By Raffique Shah
January 17, 2018
Dr Terrence Farrell’s resignation last week as chairman of the Government-appointed Economic Development Advisory Board brought into focus a long-simmering conflict between economists and business interests in one camp, more or less; the Government, which sees the economy primarily through the prism of political power, on the other; and trade unions and a disparate population that sense the near-violent instability of the ship of state and recognise the need for adjustments by all passengers on board, from captain to cook, but each one expecting the other, not him, to move.
The debate on how the country extricates itself from its energy dependency, commodities that, up to a few years ago, contributed the bulk of a healthy gross domestic product (GDP) that stood at approximately TT $150 billion, and 80 percent of foreign exchange earnings, has been as old as when the first oil boom of 1973 turned into a bust less than a decade later.
It spanned governments from Dr Eric Williams’s, who, in 1976, in the euphoria of high oil prices and Hasely Crawford’s gold medal run at the Montreal Olympics, crowed “money is no problem”, to George Chambers’s reality check in 1981, “fete done, back to wuk”. It brought the PNM crashing from power in 1986 and sent its successor, the NAR, cap in hand to the IMF, ushering in more than a decade of austerity measures that pauperised the already-poor and many among the middle classes, and even took a few wickets among the wealthy.
By the time the oil dollars started flowing again around the turn of the century, except for monetising natural gas through the downstream industries at Point Lisas and Atlantic LNG, credits to the technocrats more than the economists, the politicians and the people had learnt no lessons. The gravy train got longer and thicker, with governments doling out dollars like “parsad”, and the new and expanded “kleptocracy”, be-suited bandits closely linked to politicians-in-office, brazenly stealing from the public purse.
Diversification of the economy remained a hackneyed phrase, mouthed to give the impression that some people were thinking outside of the oil-barrel, but never seriously addressed. Among the bulk of the business elites, it was always safer to buy manufactured goods cheap from China, mark up and make profits if not profiteer based on demand and supply. And Government, which led the way in the downstream energy industries, made such a mess of the State enterprises, planting square political pegs in round corporate holes, was forced to sell out industrial plants at basement prices, only to see the buyers (Mittal and ISCOTT, CL Energy and the first methanol plant) make fortunes that ought to have boosted the Treasury, not other people’s bottom lines.
Now that we are once more on the edge of the economic abyss, the economists see the solution in harsh, IMF-like measures that will cripple the poor and the middle classes more than other sectors of the society. The elites will bear some pin-pricks—postpone buying another Mercedes, hold off on investing in a $10-million property deal, etc—but the good times will roll on for them.
Farrell’s resignation from the EDAB has intensified the “whither Trinidad and Tobago” debate.
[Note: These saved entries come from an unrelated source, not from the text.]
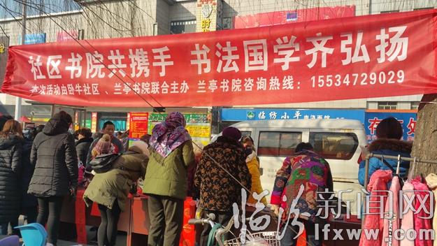 當天上午,蘭亭書院的師生向臥牛社區居民及過往百姓義務書寫春聯近百幅,其中有楷書、篆書和行書、草書,學生寫的春聯被一搶而光。
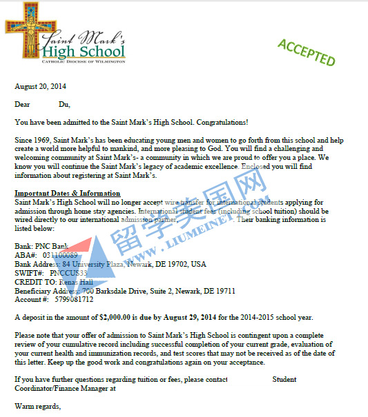 恭喜杜同学获美国东部优质高中圣马可中学录取!很荣幸,他是圣马可中学秋季最后一个录取的学生,也是是留学美国网为学生尽力争取的!
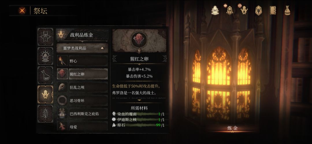 战胜弗罗洛后获得素材染血的覆面,和伊迪丝之核(伊迪丝必掉一个)合成猩红之卵
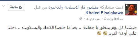 وسخر Khaled Elsalakawy قائلا: “جيشنا كل يوم بيتطور يا جماعة .. بعد ما خلصنا الكحك والبسكويت .. دخلنا علي أوضة النوم”.

But in my humble, layman’s view, it has failed to stimulate new perspectives that might steer the ship of state away from turbulence and into waters that might be uncharted, but in a direction that might just allow this tiny country to avert the global hurricane that looms large on the horizon—the titanic clash between the “one percent” and the masses, the war over a more equitable distribution of the wealth of nations.
A good starting point for redirecting the debate is using Mahatma Gandhi’s famous dictum, “The world has enough (resources) for everyone’s needs, but not everyone’s greed.” This is not intended to revive the utopianism of my youthful days when, as young revolutionaries, we pursued the dream of an egalitarian society, something we can still dream of, but realistically, we know is unattainable.
An equitable society, one in which wealth is created and distributed such that the yawning gap between the very wealthy and the mass of people is narrowed, is surely something that we can achieve if only we can believe in ourselves, and if every able-bodied citizen is prepared to contribute.
From this perspective, while increasing GDP is important, and a high per capita GDP is impressive, the economists will agree that as indicators, they tell a misleading story. A few years ago, T&T boasted of a per capita GDP of US $20,000. That was the third highest in the hemisphere, and translated into every four-person household producing the equivalent of TT $500,000 per year.
If 50 percent of that reflected incomes, it meant that the average annual household-income should be approximately $250,000—which we know is way beyond reality. In fact, a decent middle-income family earns less than half of that. So boosting GDP does little to dampen poverty. But it does a whole lot for the “tender-preneurs” (to borrow an Afra Raymond word) and the very wealthy.
The Ghandian approach should guide the restructuring of the economy now that we have yet another opportunity to start afresh, in a manner of speaking. Needs must come before greed or we shall be damned to eat the bread the Devil knead.